Unidentified Analyst
Okay, thank you very much.
Operator
Our next question on the line is from Andrew Weisel with Macquarie Capital. Andrew Weisel – Macquarie Capital Securities: Hi, thanks for taking my follow-up question. In the draft decision when talking about decoupling they said they are going to create a generic docket not only for electric but also for gas and water utilities. How does this impact the need for rate cases at your two gas electricity is given that so much of the focus there is about decoupling the usage core account and is your expectation that the electric and gas may have different decoupling mechanisms whereby electric will be fully decoupled, gas will only be decoupled on a per account basis? James P. Torgerson: I really don't know what's going to happen to this generic decoupling docket. We will see. They haven’t even issued it, I do expect that there would be difference in the decoupling as for electric we have a full revenue decoupling as you mentioned, for gas it would be on a per customer basis, it is what we propose and what is in the energy strategy and the legislation. So I think my guess is that trying to figure out how to implement it and any nuances that would go along with those but they haven't started the docking yet, they haven’t issued anything, so we don't – I don’t know what's going to happen, we have to wait and see them. Andrew Weisel – Macquarie Capital Securities: Okay, fair. James P. Torgerson: (Inaudible) it will be what we suggested… Andrew Weisel – Macquarie Capital Securities: Fair enough.
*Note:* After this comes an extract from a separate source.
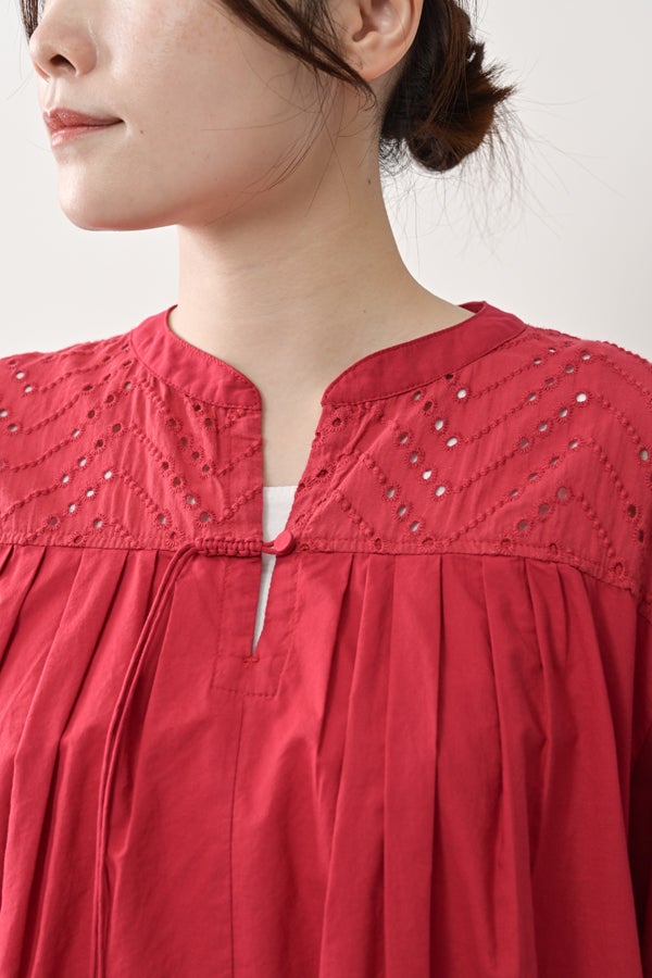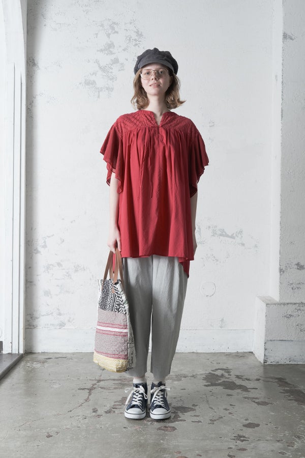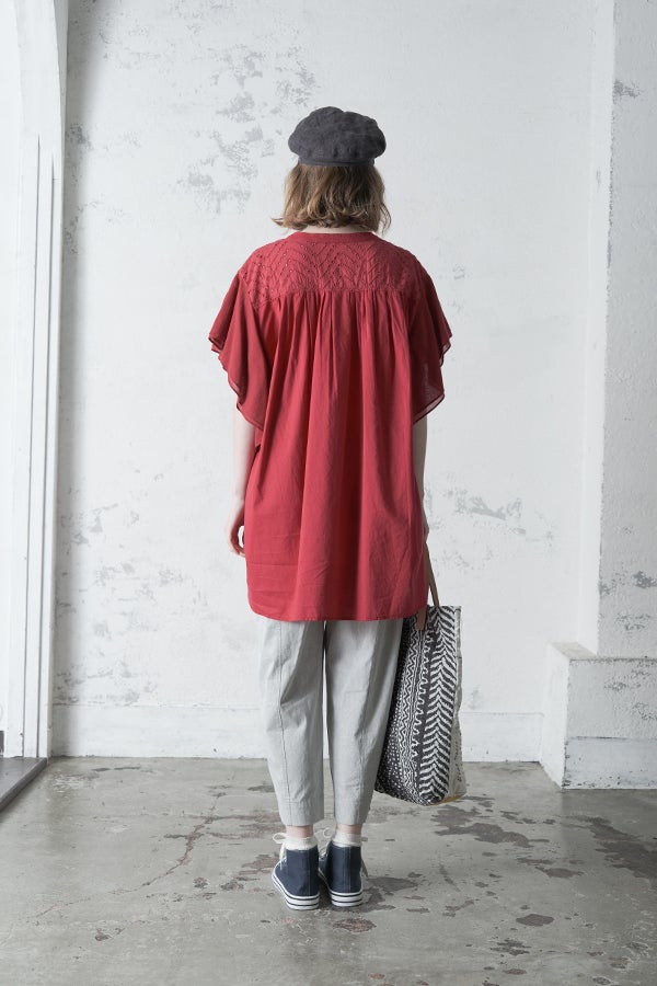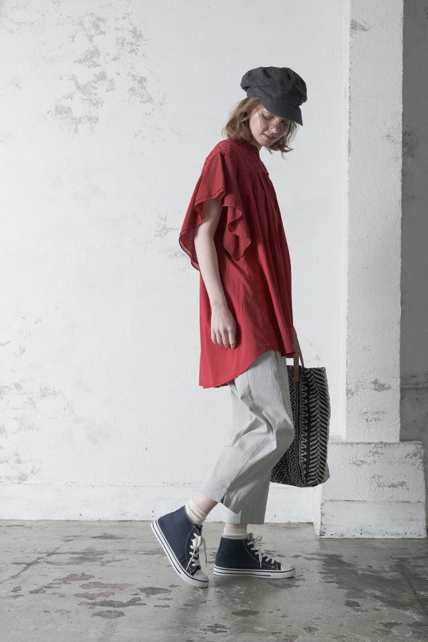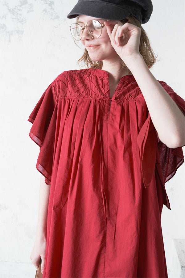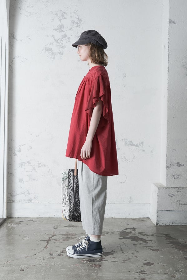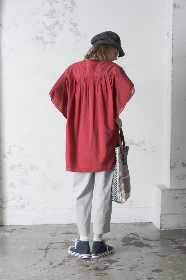 オリジナルカラーで染め上げた綿レースを部分使いした、大人に似合うアイテム。少し彩度を落とした赤が甘さを抑え、程よくモードな表情を添えてくれます。

Now if they do come out with something that would be accommodating to the de-coupling per account for gas, would that negate the need for a second gas rate case or would you also want after some of the CapEx factors that you mentioned? James P. Torgerson: Its depends on how I gets implemented, if they say that it automatically applies then that would probably in our minds are need to go for any future rate case for selling (inaudible), they maybe or well say its in the next rate case you filed and you need to implement it, we will have to see what it does, but year if we get implemented immediately and then that would mitigate any need for future rate cases. Andrew Weisel – Macquarie Capital Securities: Great thank you. James P. Torgerson: Perfect.
Operator
And next question on the line is for David Paz of Wolfe Research. Your line at live. David Paz – Wolfe Research: Hi, thanks for talking my follow-up question. Did I hear you correctly; will you update guidance soon after you get a final decision in the UI particularly if rates are effective this year? James P. Torgerson: If there was something that was material that would take us out of the ranges that are there. David Paz – Wolfe Research: In then temporarily Jim I think I heard you say what – March or April 2014 final decision in the FERC was that just your guess or is there some kind of schedule out there? James P. Torgerson: Yeah David I’m going back to the what schedule they had originally set out which was anticipating that FERC issue that their six months after all the brief were in from the judges initial decision, so if the briefs are contemplate in the pleadings and reply to the brief in the reply brief, I think goes to October 24th, so we have six months to that, you are probably looking on April of 2015, that’s how I came up with it. David Paz – Wolfe Research: Great thank you James P. Torgerson: Sure
Operator
(Operator Instructions) We have no questions at this time. James P. Torgerson: Okay, well thank you operator and thank you everyone for participating in our call. Appreciate your questions and if you have more please don’t hesitate to get a hold of us. And thank you again. Bye.
Operator
Thank you. This concludes today’s call. You may now disconnect your line.